Which value is the *mean value* in the mean value theorem: the argument, the function, or the derivative? After looking over a few statements and proofs of the real number mean value theorem of single variable calculus of single valued functions, I realized that it is not clear to me what is actually meant by mean value.  I understand the proofs.  I just don't know exactly what the name of the theorem means.  
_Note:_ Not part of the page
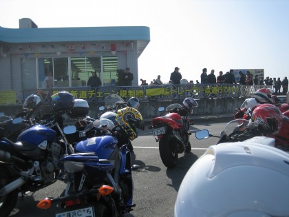 9:02 西湘SAに到着 西湘バイパスのパーキングに到着しました。 2週間前と大違い。 正に”啓蟄(けいちつ)”のごとく、バイクがわき出してきたようです。 おかげで、いつも駐めているバイクの駐輪場が一杯で駐めきれず、四輪車枠にバイクを駐めます。 |
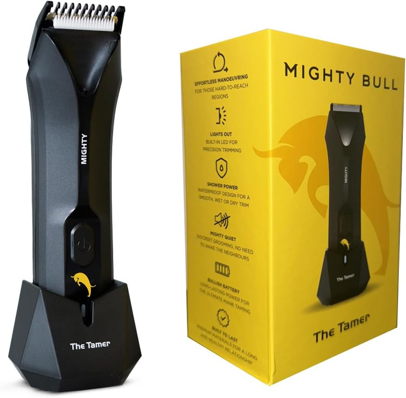 - BUILT FOR BALLS: At Mighty Bull, we built an electric ball trimmer from the ground up. Our groin trimmer ‘The Tamer’ has a stainless steel cutter head, three adjustable clipper guards, a charging dock, an extra USB-C cable, and a cleaning brush. You can take it on the road and keep the bush at bay, wherever you are.

For the case of $f\left[x\right]$ continuous on $x\in\left[x_0,x_1\right]$ and differentiable in $x\in\left(x_0,x_1\right),$ and $c\in\left(x_0,x_1\right)$ such that
$$f^\prime\left[c\right]=\frac{f\left[x_1\right]-f\left[x_0\right]}{x_1-x_0},$$
there are three possible values which might be designated the mean value. Either $c$, $f\left[c\right]$ or $f^\prime\left[c\right].$  Which one is it?  Are there good names for the other values in this context?
 A: It would seem to me that $f'(c)$ is the 'mean value' in the theorem. 
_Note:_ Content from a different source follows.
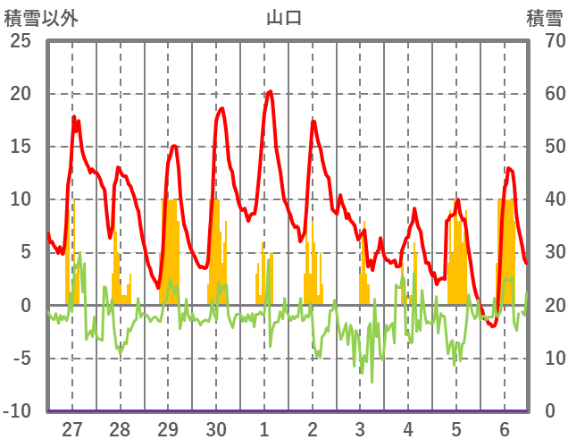 | 日 | 時 | 気温 | 降水 | 風向/風速 | 日照 | 積雪 | 降雪 |

With some hand-waving, the "average" gradient of the graph of $f$ taken over the interval $(x_0,x_1)$  is $\frac{f\left(x_1\right)-f\left(x_0\right)}{x_1-x_0}$. Whilst the derivative $f'(c)$ may not always equal this value, it has to at some point, because that's the 'mean'.
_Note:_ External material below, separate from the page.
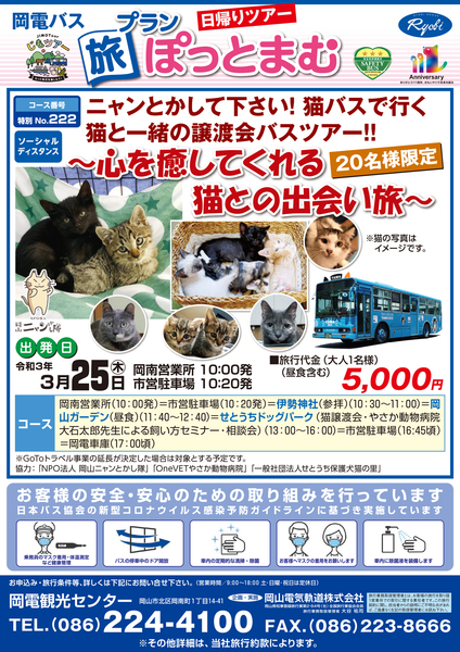 | イベント内容 | 猫ちゃんを飼ってみたい方、お家の猫ちゃんの遊び相手をお探しの方、どうかこの機会に、飼い主のいない猫を家族に迎えてあげて下さい(^^) お申し込みはコチラから→https://www.okajam.jp/kanko/plan/detail/92 |
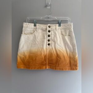 Forever 21 Denim Mini Skirt Women’s SZ L Orange Tie Dye Button Front Pockets Y2K

I don't think there are particular names for the values of $c$ or $f(c)$.
A: The mean value would be $\,f'(c)\,$.
This makes a lot more sense if you consider the integral form of MVT $\,f(c) = \frac {1}{b-a}\int _{a}^{b}f(x)\,dx\,$, where the RHS is indeed the "mean value" of $\,f(x)\,$ over $\,[a,b]\,$.
A: In my opinion, the mean value  denotes the mean value of $f$ on the interval $[c_0,c_1]$, i.e.  the value of the fraction
$$\frac{f(x_1)-f([x_0)}{x_1-x_0},$$
which is the equivalent of the average speed, if $x$ is time, and $f(x)$ is position at a given time.
In terms of kinematics, the Mean value theorem asserts that the average speed on a time interval is equal to the instantaneous speed at some time of this time interval, whence the name of the theorem.